Reading in our data#

We'll start by reading in our datasets (as we must!).

Life expectancy data#

The first dataset is USALEEP, the U.S. Small-area Life Expectancy Estimates Project. It's from the National Center for Health Statistics at the CDC.

We're going to rename a few columns so they make a little more sense. The columns themselves aren't too complicated, mostly pointing out the census tracts and the life expectancy.

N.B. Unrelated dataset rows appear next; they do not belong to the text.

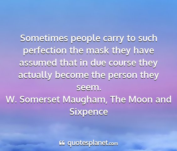 Sometimes people carry to such perfection the mask they have assumed that in due course they actually become the person they seem.W. Somerset Maugham, The Moon and Sixpence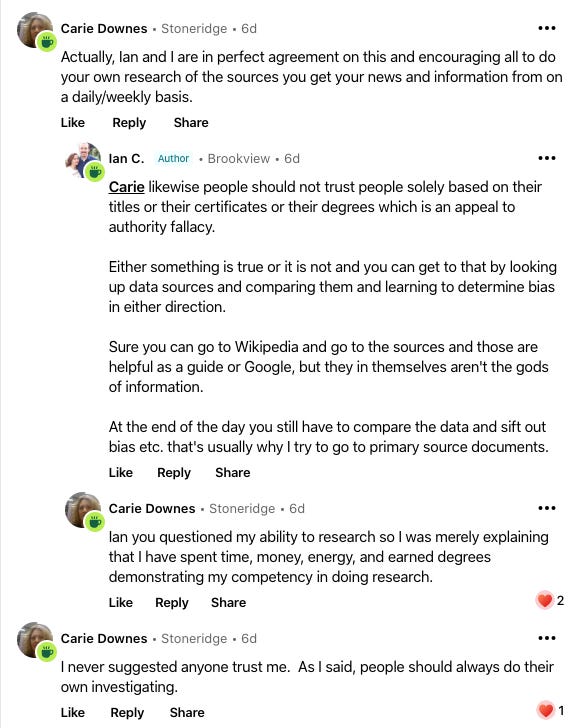 Nor is saying that you have a bunch of degrees, certificates, or diplomas. That’s when you know they’re insecure in their knowledge because it’s a hard appeal to authority.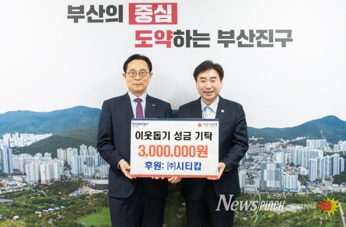 뉴스펀치 김길룡 기자 | (주)시티캅(대표이사 정현돈)은 11월 25일 부산진구(구청장 김영욱)를 방문해 이웃돕기 성금 300만 원을 전달했다.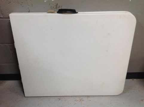 A moulded plastic folding trestle table, length 180 cm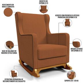 Características: Estrutura em madeira de reflorestamento de eucalipto. Revestimento em Bouclê de alta qualidade. Assento com espuma D-26 e percintas elásticas. Encosto e braços com espuma D-23. Peso suportado: Até 120 kg. Base de balanço em madeira estilo canoa.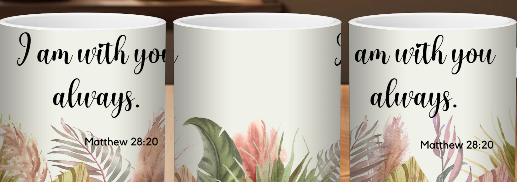 Start your day with comfort and encouragement with this beautifully crafted 15 oz white stoneware mug. Featuring the uplifting Christian message "I Am With You Always", this mug serves as a daily reminder of God's constant presence.

life_expec = pd.read_csv("data/US_A.CSV")
life_expec.columns = ['tract_id', 'STATE2KX','CNTY2KX', 'TRACT2KX', 'life_expectancy', 
                      'life_expectancy_std_err', 'flag']
life_expec.head()

	tract_id	STATE2KX	CNTY2KX	TRACT2KX	life_expectancy	life_expectancy_std_err	flag
0	1001020100	1	1	20100	73.1000	2.2348	3
1	1001020200	1	1	20200	76.9000	3.3453	3
2	1001020400	1	1	20400	75.4000	1.0216	3
3	1001020500	1	1	20500	79.4000	1.1768	1
4	1001020600	1	1	20600	73.1000	1.5519	3

flag sounds a little mysterious and scary, but it's just whether the numbers were observed or predicted.

Unemployment Data#

For unemployment, we'll be using data from the Census. You can get unemployment measures from a lot of places in the US government, so the Census Bureau actually publishes data on which ones you should use. In our case we're going to collect unemployment data from the American Community Survey, for the 5-year period nearest to our life expectancy dataset.

We'll be using Table B23025005, Employment Status for the Population 16 Years and Over. Take a look at the codebook for more details. We're only reading in a few columns to keep things looking clean.

columns = {
    'Geo_FIPS': 'Geo_FIPS',
    'ACS15_5yr_B23025001': 'total_pop',
    'ACS15_5yr_B23025005': 'unemployed'
}
employment = pd.read_csv("data/R12221544_SL140.csv", usecols=columns.keys(), encoding='latin-1')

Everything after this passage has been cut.